Photo courtesy of djeyewater.
Research has shown that the best indicator of future reading success isn’t naming letters, or learning to print one’s name (though both are important tasks) but phonological awareness.
This ability begins developing early, and is completely auditory and oral, meaning it is independent of print. It has to do with hearing and manipulating the parts and individual sounds in words. More simply put, it’s “playing with words”.
You may already be doing it with your child and not even realize it! Check out some of these suggestions for more ideas for playing with words!
- Story time is rhyme time. Read rhyming books, poems, and nursery rhymes. Once your child becomes familiar with them, pause before rhyming words to allow your child to fill in the missing word.
- Go for silly talk. Use nonsense rhyming words in a sentence and see if your child can understand what you mean. (“Will you throw this wrapper in the bashcan?”)
- Can you find the rhyme? Pick a word and come up with rhyming words together. Remember that because phonemic awareness is a task of sounds, nonsense words are completely OK. You can even make it a riddle. (“I’m thinking of a word that rhymes with hat. Do you know what it is?)
- Motion for matches. Say a pair of words and have your child clap/jump/blow a whistle/etc. whenever the pair rhymes. Really play up the fact that you’re trying to trick them with pairs that don’t rhyme. You can simply say the words, or use sets of picture cards made specifically for rhyming tasks to give the children a visual cue along with the spoken word.
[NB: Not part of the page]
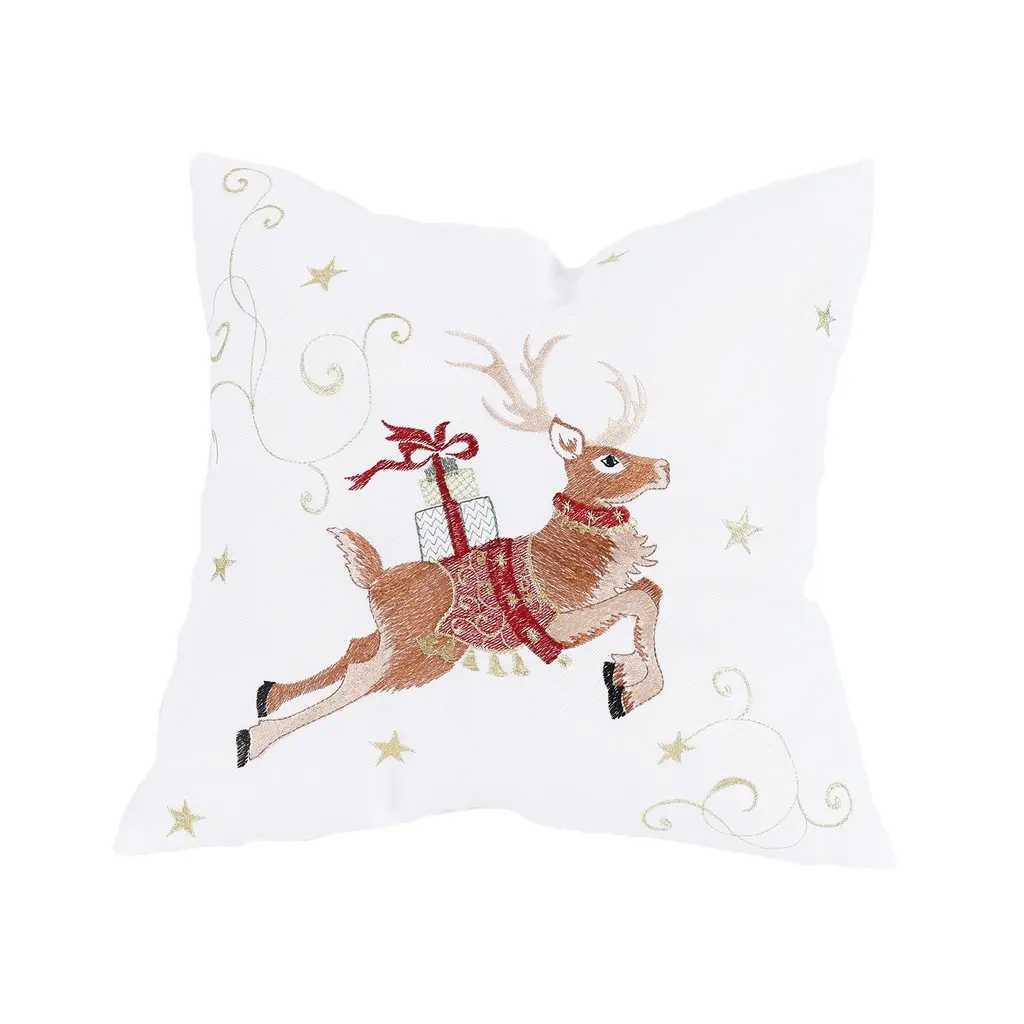 Lively reindeer running with gifts bringing Merry Christmas cheer back to its home and yours! This collection creates a warm and festive setting for your holiday meals and gatherings! Make this appealing for any Christmas holiday setting. As your definitive home décor destination, we feels that every day should be lived fashionably! Our distinctive designs, rich details, and tempting accessories are sure to endlessly fulfill your home's finicky fashion sense. Whether you are keeping up with the ever changing colors of the holidays and seasons, looking for a stunning piece to tie your existing interior décor together while staying in tune with your individual style, or simply in need of an easy care focal point for an upcoming party or event, Xia Home Fashions and Manor Luxe has stylish creations that will complete your look and win complements at your next gathering!, Lively reindeer running with gifts embroidered with golden ribbon and stars. Double layers. Reversible use, reverse side is solid color. , Different length available.36", 70" and 90", Made with easy care polyester. Machine Washable , Matching Pillow, Placemats and Table Runners available., Perfectly accented with these warm and inviting holiday decorations!

- Same starting sounds. Talk about beginning sounds, such as the beginning sound in a child’s name, and come up with other words that have the same beginning sound.
- Solve the word mystery. Say a word, separating the syllables as “clues” and ask what your “mystery word” was. Beginning with compound words for this task is usually easiest. (cow+boy=cowboy) Then move on to individual syllables (jack+et=jacket), and finally to individual sounds (/s/+/a/+/d/=sad).
- Surround sound.Immerse your children in language sounds. Sing silly songs and fingerplays using rhyme and alliteration (search this blog to find some great examples). Make your own rhymes together, create songs to sing about daily tasks, and use alliterations to name your creations (“This is my super silly spaceship to the stars!”).
Learning the letters of the alphabet and being surrounded by print, are important facets of reading readiness, but ultimately, the task of reading comes down to the ability to recognize and manipulate sounds. The written symbols of print are meaningless until their sounds are understood. So have some fun with the children you teach and love, and start playing with sounds!